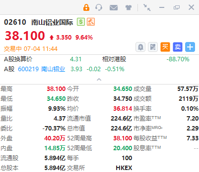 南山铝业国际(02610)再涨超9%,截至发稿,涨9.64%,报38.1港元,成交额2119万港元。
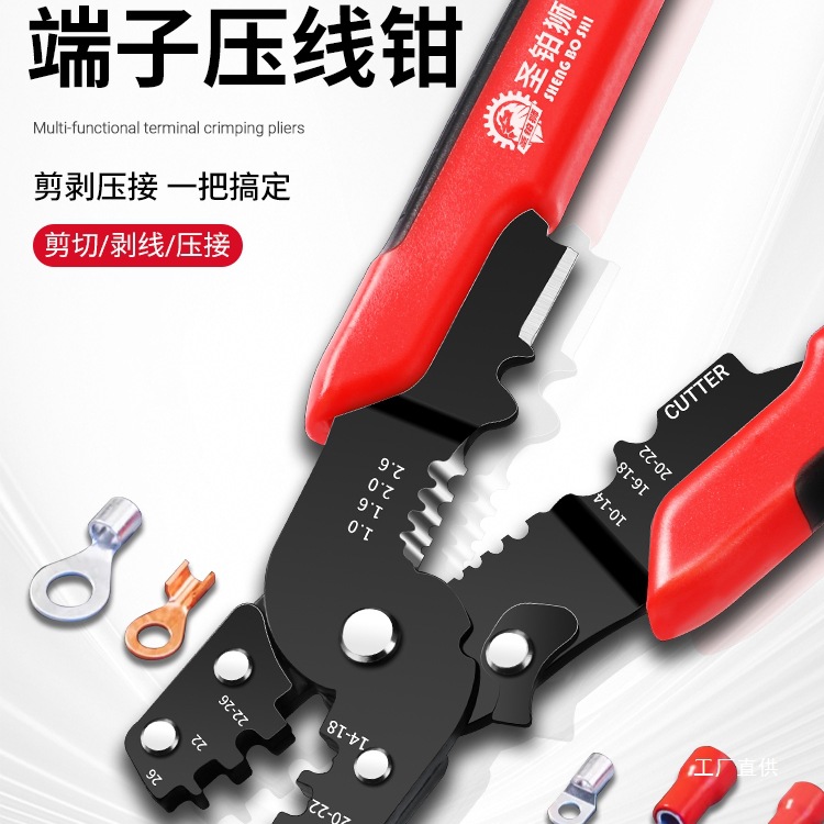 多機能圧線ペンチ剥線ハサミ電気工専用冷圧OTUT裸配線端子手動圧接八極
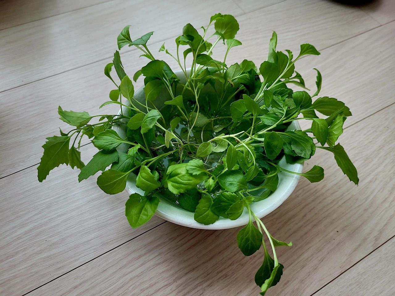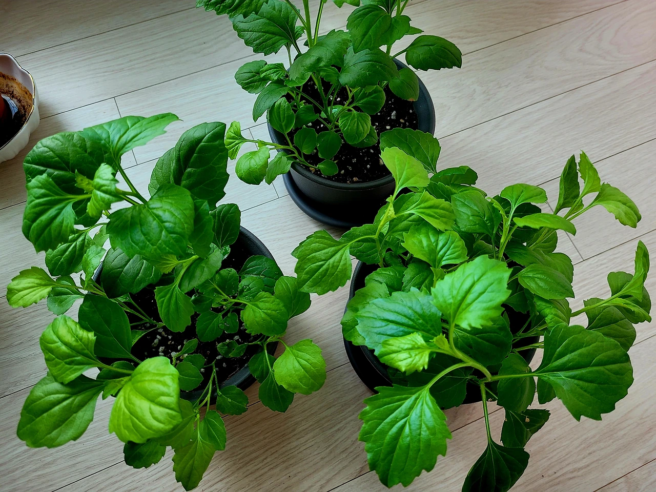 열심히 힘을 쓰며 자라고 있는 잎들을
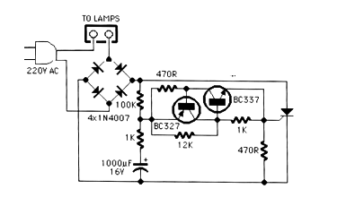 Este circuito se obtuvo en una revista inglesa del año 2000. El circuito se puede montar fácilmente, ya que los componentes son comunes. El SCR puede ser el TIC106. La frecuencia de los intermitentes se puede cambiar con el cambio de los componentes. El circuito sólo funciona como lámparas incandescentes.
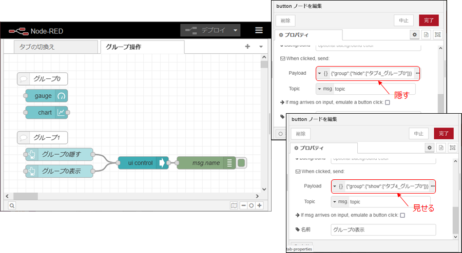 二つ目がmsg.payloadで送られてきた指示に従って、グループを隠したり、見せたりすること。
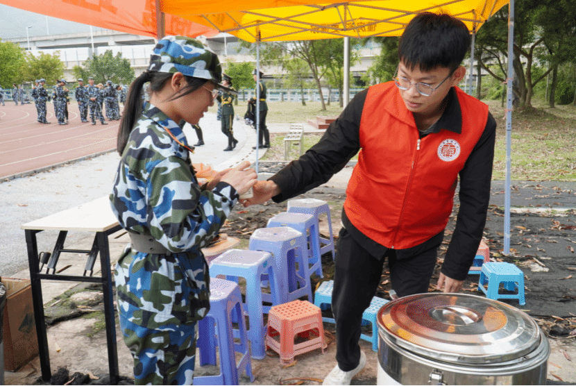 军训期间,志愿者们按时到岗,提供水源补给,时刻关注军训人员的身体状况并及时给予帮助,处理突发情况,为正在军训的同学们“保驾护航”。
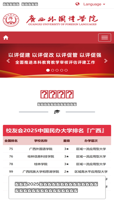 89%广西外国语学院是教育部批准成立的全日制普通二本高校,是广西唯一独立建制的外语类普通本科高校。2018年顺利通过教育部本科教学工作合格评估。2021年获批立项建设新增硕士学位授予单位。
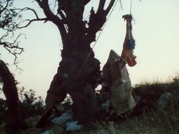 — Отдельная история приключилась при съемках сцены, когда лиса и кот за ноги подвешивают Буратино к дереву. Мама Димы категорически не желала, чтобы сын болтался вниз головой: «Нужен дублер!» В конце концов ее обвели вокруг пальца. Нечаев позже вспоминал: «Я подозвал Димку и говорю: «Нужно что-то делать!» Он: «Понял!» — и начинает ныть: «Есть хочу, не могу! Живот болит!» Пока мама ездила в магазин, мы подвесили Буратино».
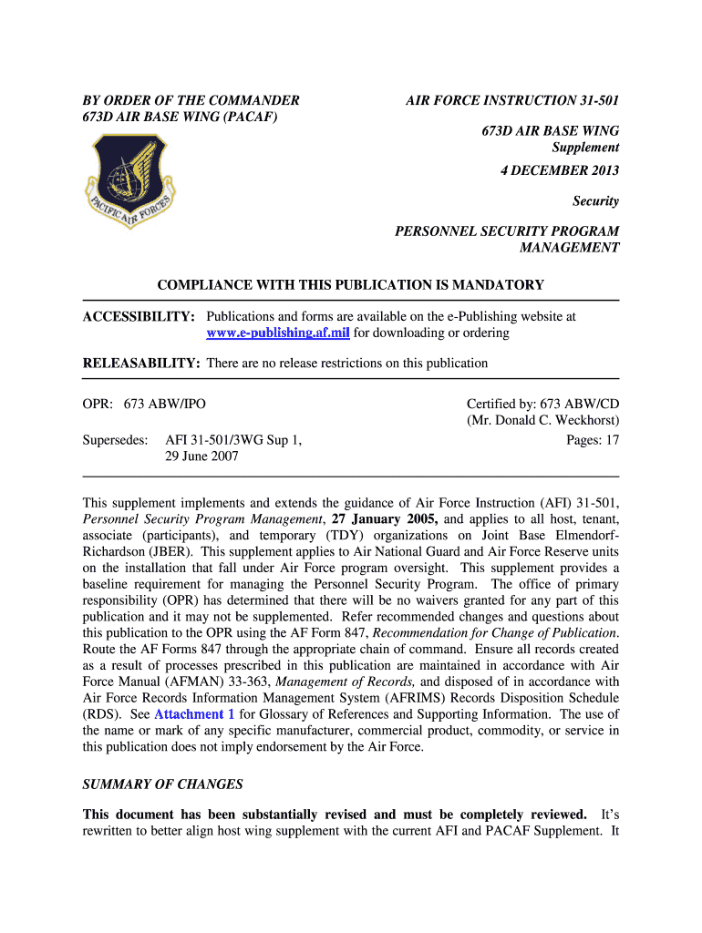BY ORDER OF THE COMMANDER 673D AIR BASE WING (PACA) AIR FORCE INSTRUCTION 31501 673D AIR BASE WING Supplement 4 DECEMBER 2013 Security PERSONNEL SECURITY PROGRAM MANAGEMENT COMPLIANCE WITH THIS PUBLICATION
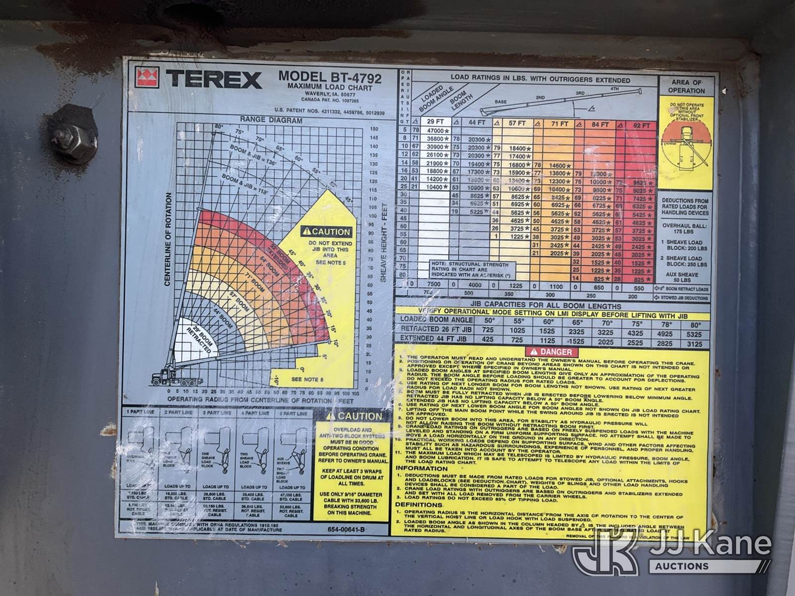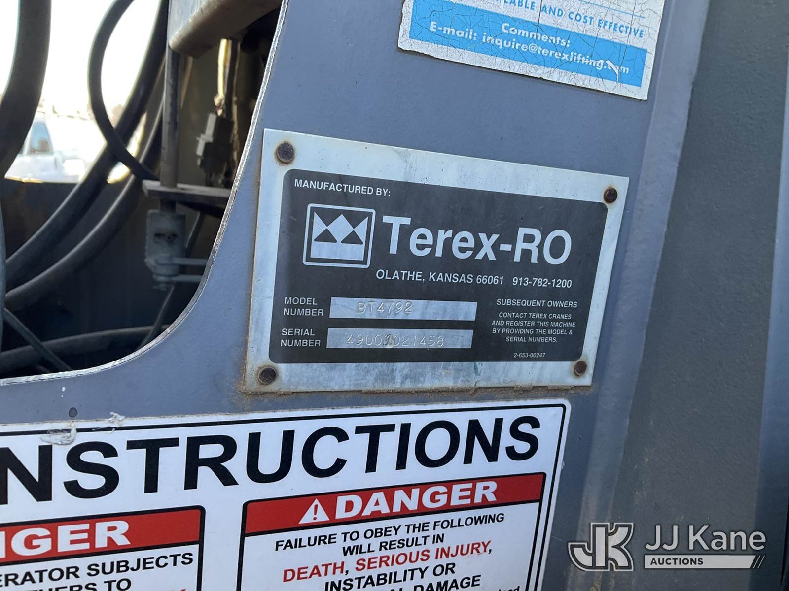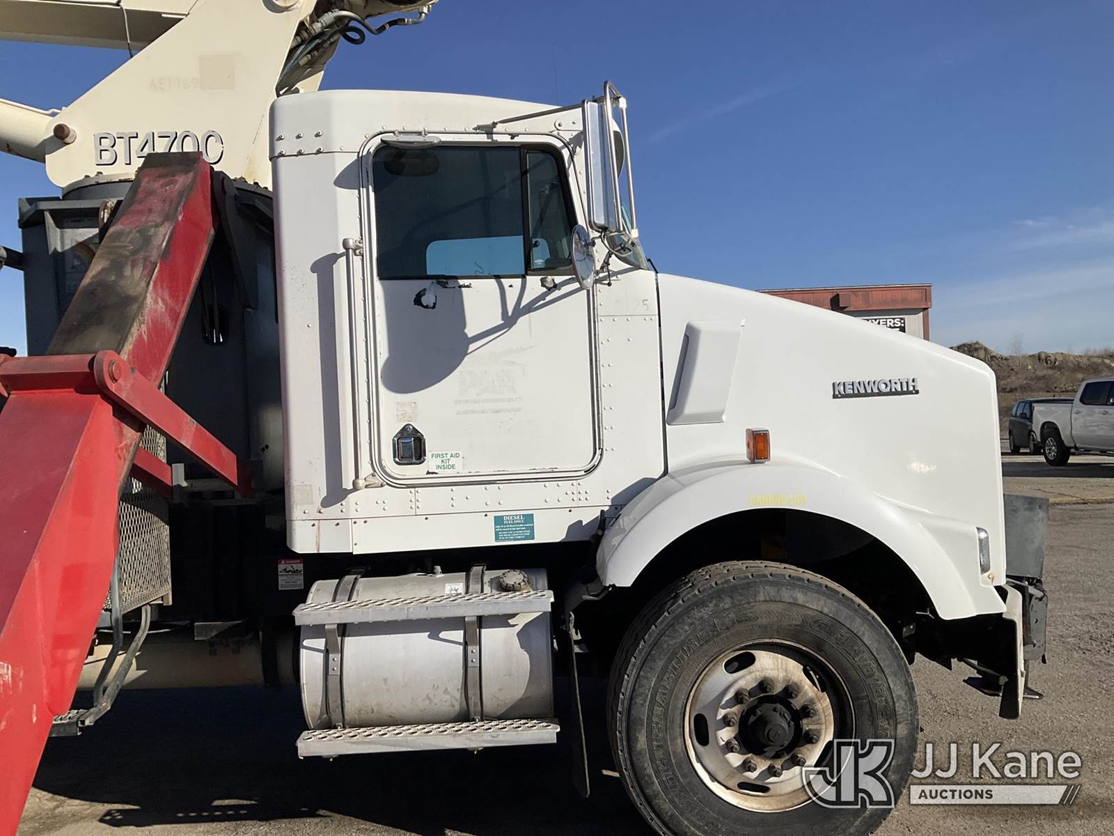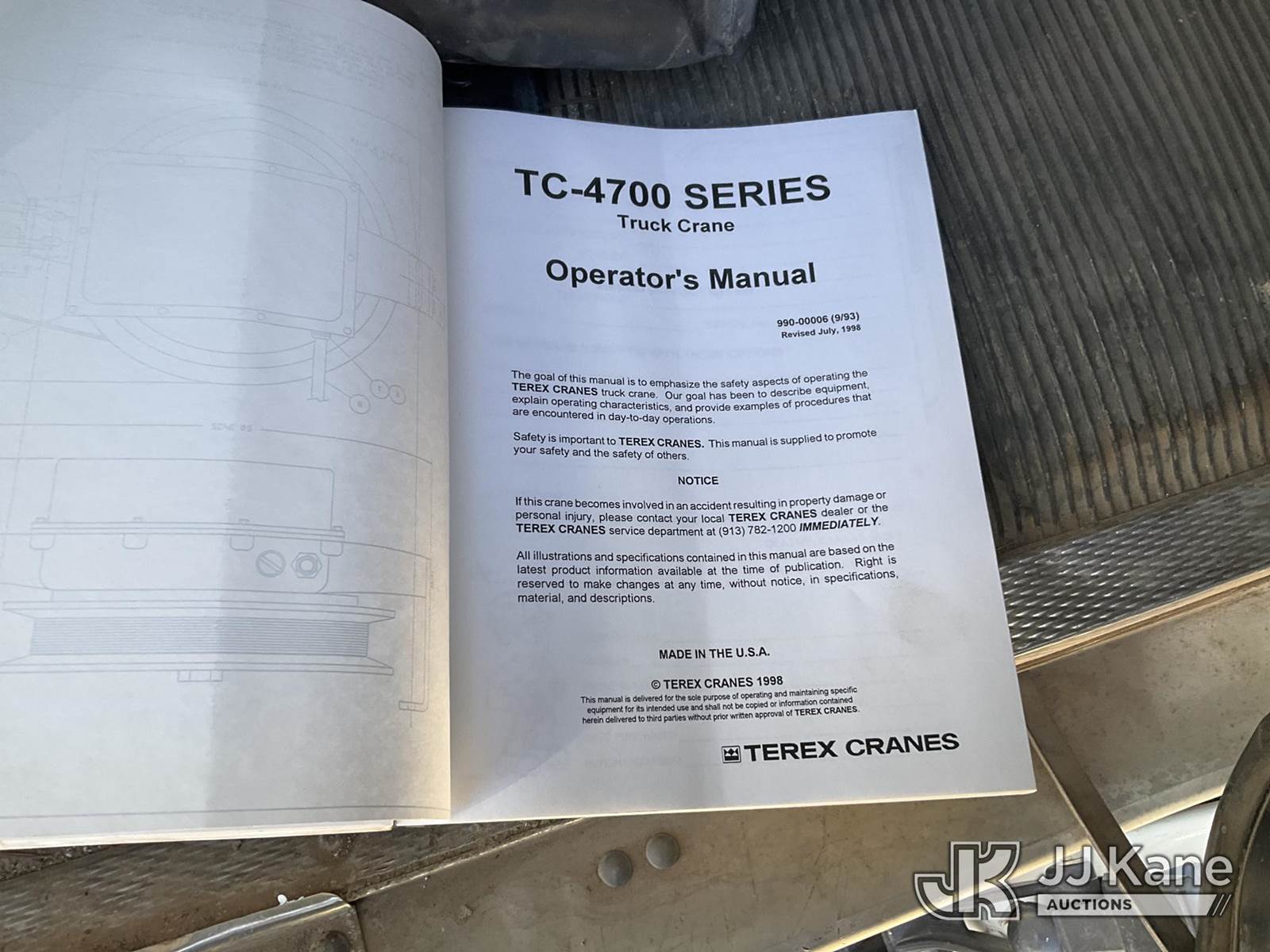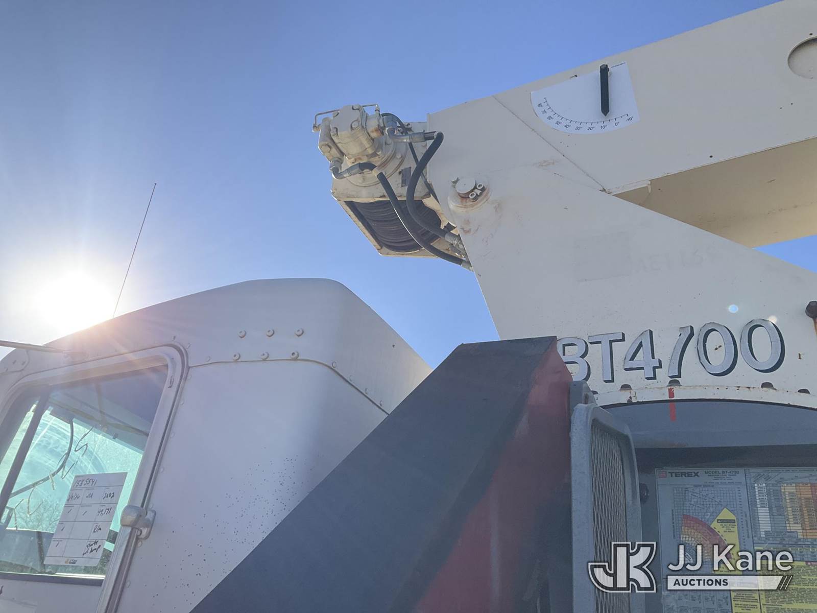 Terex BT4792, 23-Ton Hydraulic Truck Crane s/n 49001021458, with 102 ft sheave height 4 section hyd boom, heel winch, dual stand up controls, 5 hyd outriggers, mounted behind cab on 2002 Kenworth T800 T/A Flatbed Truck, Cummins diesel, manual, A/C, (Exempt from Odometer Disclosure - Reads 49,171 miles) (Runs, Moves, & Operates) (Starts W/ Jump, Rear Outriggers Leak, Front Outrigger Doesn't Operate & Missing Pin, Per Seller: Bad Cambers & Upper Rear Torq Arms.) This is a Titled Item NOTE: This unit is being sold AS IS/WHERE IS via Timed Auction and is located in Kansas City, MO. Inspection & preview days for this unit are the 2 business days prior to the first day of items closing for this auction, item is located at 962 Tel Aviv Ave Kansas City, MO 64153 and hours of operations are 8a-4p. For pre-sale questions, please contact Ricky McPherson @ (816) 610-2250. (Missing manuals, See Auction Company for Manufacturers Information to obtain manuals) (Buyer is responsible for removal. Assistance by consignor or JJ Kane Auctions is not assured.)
※
## [ACTION ITEM]
Please transcribe exactly the part of the records that opens with the line containing "多機能圧線ペンチ剥線ハサミ電気工専用冷圧OTUT裸配線端子手動圧接八極" and closes with the line containing "BY ORDER OF", both ends included, and leave out the pictures.

## [FINISHED EXERCISE]
 多機能圧線ペンチ剥線ハサミ電気工専用冷圧OTUT裸配線端子手動圧接八極
 열심히 힘을 쓰며 자라고 있는 잎들을
 Este circuito se obtuvo en una revista inglesa del año 2000. El circuito se puede montar fácilmente, ya que los componentes son comunes. El SCR puede ser el TIC106. La frecuencia de los intermitentes se puede cambiar con el cambio de los componentes. El circuito sólo funciona como lámparas incandescentes.
 二つ目がmsg.payloadで送られてきた指示に従って、グループを隠したり、見せたりすること。
 军训期间,志愿者们按时到岗,提供水源补给,时刻关注军训人员的身体状况并及时给予帮助,处理突发情况,为正在军训的同学们“保驾护航”。
 89%广西外国语学院是教育部批准成立的全日制普通二本高校,是广西唯一独立建制的外语类普通本科高校。2018年顺利通过教育部本科教学工作合格评估。2021年获批立项建设新增硕士学位授予单位。
 — Отдельная история приключилась при съемках сцены, когда лиса и кот за ноги подвешивают Буратино к дереву. Мама Димы категорически не желала, чтобы сын болтался вниз головой: «Нужен дублер!» В конце концов ее обвели вокруг пальца. Нечаев позже вспоминал: «Я подозвал Димку и говорю: «Нужно что-то делать!» Он: «Понял!» — и начинает ныть: «Есть хочу, не могу! Живот болит!» Пока мама ездила в магазин, мы подвесили Буратино».
BY ORDER OF THE COMMANDER 673D AIR BASE WING (PACA) AIR FORCE INSTRUCTION 31501 673D AIR BASE WING Supplement 4 DECEMBER 2013 Security PERSONNEL SECURITY PROGRAM MANAGEMENT COMPLIANCE WITH THIS PUBLICATION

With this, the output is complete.